その音に反応したと同時に、目の端にすさまじい速度で飛来する矢が目に入る。ケンタウロスの持つ広い視野は斜め後方から飛んでくる矢もしっかりと捉えることが出来たのだが、それを躱すだけの時間はなかった。
――しまった!!
下半身の後方に鋭い痛みが走る。矢が刺さったのは後ろ脚の付け根の辺りだろうか、今はそれを確認する余裕はない。あの尋常じゃない速度の矢には見覚えがある。ケンタウロスが得意とする魔法の一つ、風を纏わせた矢はこれまでに何度も自分に向けて飛んできたことのある代物である。懐かしいモノを見て油断してしまっていた自分の甘さに彼は歯噛みする。
――死んでたまるか!
痛みを振り払い全力で走り出す。風を纏った彼の身体は猛烈な加速をみせるが、同時にそれが長くは続かないことも彼は理解していた。徐々に後ろ脚がしびれてくる。もはやこの速度に耐え切れなくなるのも時間の問題であった。彼は魔法を解除し、一瞬後ろを振り返る。
――振り切った……か?
後ろを追ってくる者はいなかった。警戒を緩めることなく速度を落とし、呼吸を整えながら傷を確認する。矢は思った通り後ろ脚の付け根を深く貫いており、傷の周辺は矢が纏った風によって抉られていた。かなりの量の出血が見られる。
――……まずいな。
この傷はちょっとやそっとじゃ治らない。下手をすれば走れなくなるかもしれない。また、矢が刺さった場所も問題である。身体を思いっきり捻れば手は届くが、これで力を入れるのは難しい。すなわち矢が抜けないのである。特に妙案も無いまま、彼は痛みを紛らわせるようによろよろと歩いた。するといきなり目の前に木を組んで造ったと思われる大きな箱が現れた。
――なんだ……これは?
彼は一瞬呆気にとられた後、この大きな箱の正体について思考を巡らせる。以前にこの辺りを歩いた際は、こんなものは無かったはずである。
――これは……家か?
母の言葉が脳裏によみがえる。森の奥にいるエルフ達は木を組んで“家”を造り、そこに住んでいるらしい。ただしエルフはケンタウロスを蔑視しているので、実際に見ることは難しいだろう。確か母はそんなことを言っていたはずである。彼はエルフに逢ったことは無くもちろんエルフの家も見たことはないのだが、この巨大な造形物はきっと高名なエルフが住む家に違いないを確信していた。それ以外にこのような巨大にして精緻な造形物が存在するはずないからである。しかしここは森の端である。なぜこんなところにエルフの家なんかがあるのだろうか……。そこまで考えたところで、彼はあることを思い出す。エルフがケンタウロスを蔑視していること、そして彼が“悪魔の使い”であること。

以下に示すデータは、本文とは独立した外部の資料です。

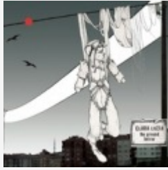
The Ground Below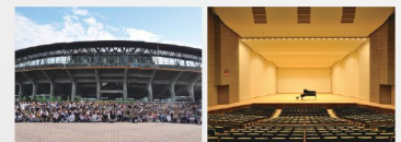
レクザムスタジアム(香川県宮野球場)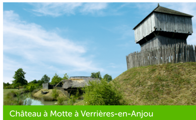
Château à Motte à Verrières-en-Anjou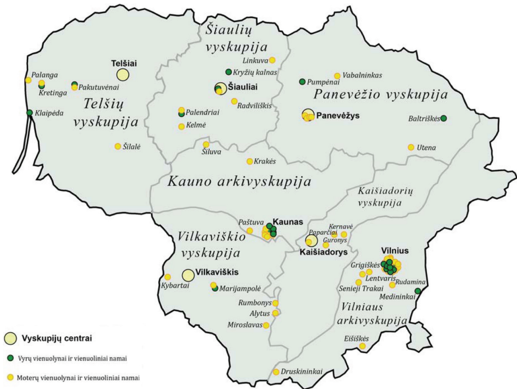
1 pav. Vyrų ir moterų vienuolynų vietos Lietuvoje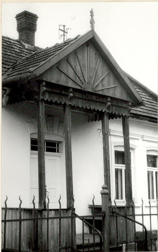
Zdjęcie dodatkowe: ganek w fasadzie, fot. Z. Beiersdorf, listopad 1979.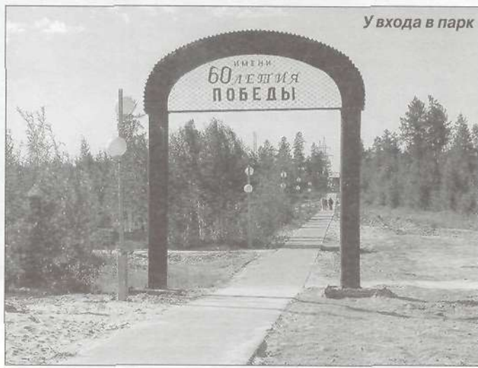
У входа в парк

В жилом доме напротив здания поселковой администрации тоже ведутся работы - меняют канализационные трубы.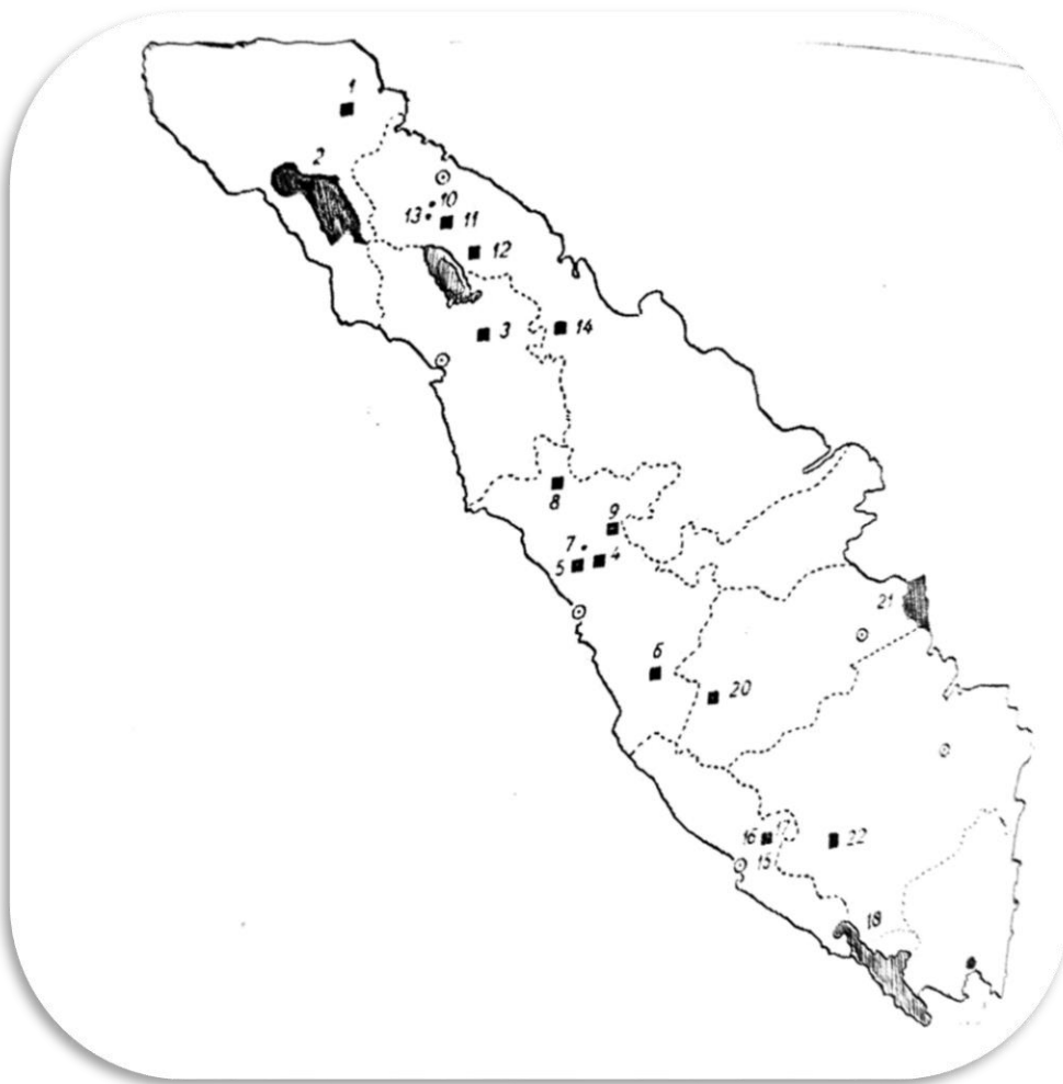
Figuur 2.2 Wildreservaten op Sumatra (zwarte vlekken) en natuurmonumenten (witte en zwarte stippen). De Commissie heeft het tweede reservaat van boven geïnitieerd. 45

‘Wij mogen ons hier wel zeer bijzonder over verheugen, vooral wanneer wij het als plicht gevoelen, om in het belangrijke en schoone deel der wereld, dat nu reeds meer dan drie eeuwen onder onzen invloed staat, het natuurleven voor verarming en vervlakking te behoeden. Wat België in de Congo doet en het Britsche Rijk in Centraal en Zuid-Afrika behooren wij op minstens gelijke schaal in Insulinde te ondernemen’. 44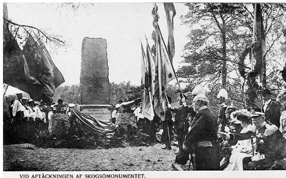
VID AFTÄCKNINGEN AF SKOGSÖMONUMENTET.

Under den nationalromantiska eran restes mängder med monument runt om i landet för att påminna befolkningen om storslagna dagar. Så var även fallet med slaget vid Baggensstäket då Föreningen för Stockholms fasta försvar uppförde en fyra meter hög minnessten i röd grovkornig granit alldeles ovanför ångbåtsbryggan på Skogsö i Saltsjöbaden.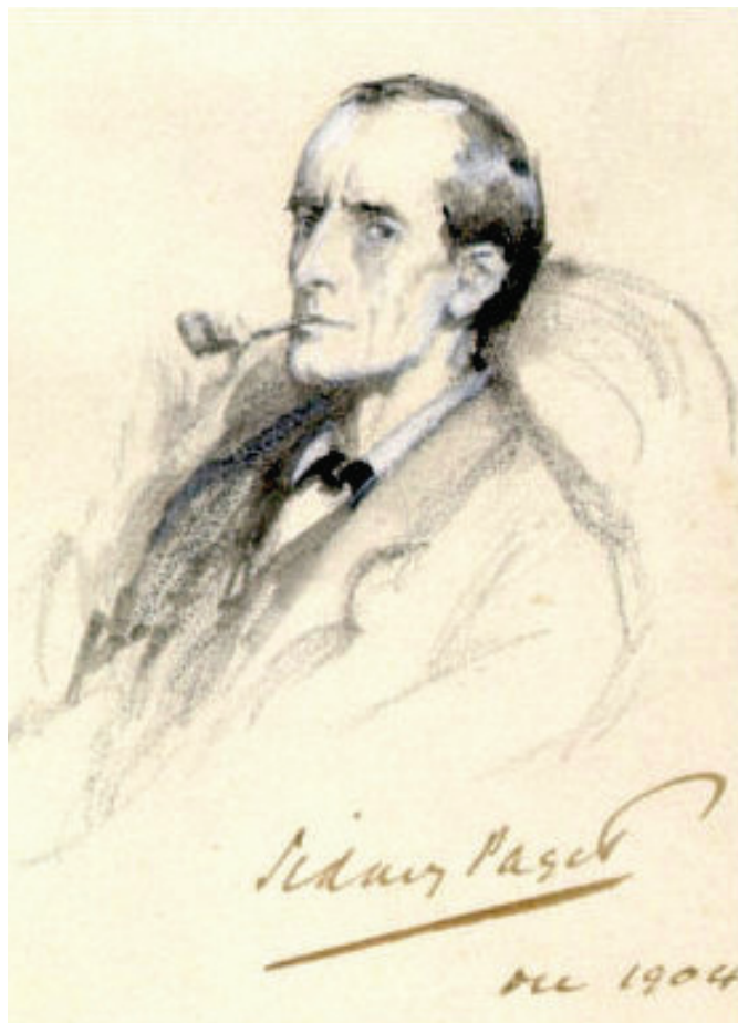
Sherlock Holmes trong một bức minh họa năm 1904 của Sidney Paget.

Khi đồng hồ thế giới điểm sang ngày đầu tiên của năm 2024 cũng là lúc thời hạn bảo hộ bản quyền của chuột Mickey chấm dứt, cho phép bất kỳ ai cũng có thể khai thác và sử dụng hình ảnh chú chuột này vào các tác phẩm của riêng họ mà không phải trả tiền hay xin phép Walt Disney. Điều này cũng tương tự như nhiều nhân vật nổi tiếng khác cũng đã thuộc về phạm vi công cộng như Sherlock Holmes, Dracula. Tuy nhiên, việc khai thác Mickey so với các nhân vật kia lại không hề đơn giản.

――しまった。今エルフなんかに襲われたら間違いなく殺される。
エルフは多様にして強力な魔法を使いこなすと聞く。万全の状態で逃げてもやられるかもしれない相手から、今の脚で逃げ切れるとは思えなかった。
即座に彼はこの場から立ち去ろうとする。しかし深く矢が刺さったまま酷使した後ろ脚は、すでに限界を超えていた。しびれが下半身全体に広がり、もはや歩くことすらままならない。
――ダメだ……動かない。
彼が逃走を諦めて天を仰いだその瞬間、家の扉が開いた。
・主人公が全く出てこない章はおかしい
・作風が全く変わっている
などのご指摘を頂きました。
この章は当初から第三者の物語を描きたいと思って書いたので、読者様がそのように感じられるのも無理のないことです。そのため3月4日にこの章を閑話に変更しました。なお、この章は全く本編に関係がないということは無く、本編に繋がる内容を盛り込んではおります。
重ね重ねご心配をおかけし申し訳ありません。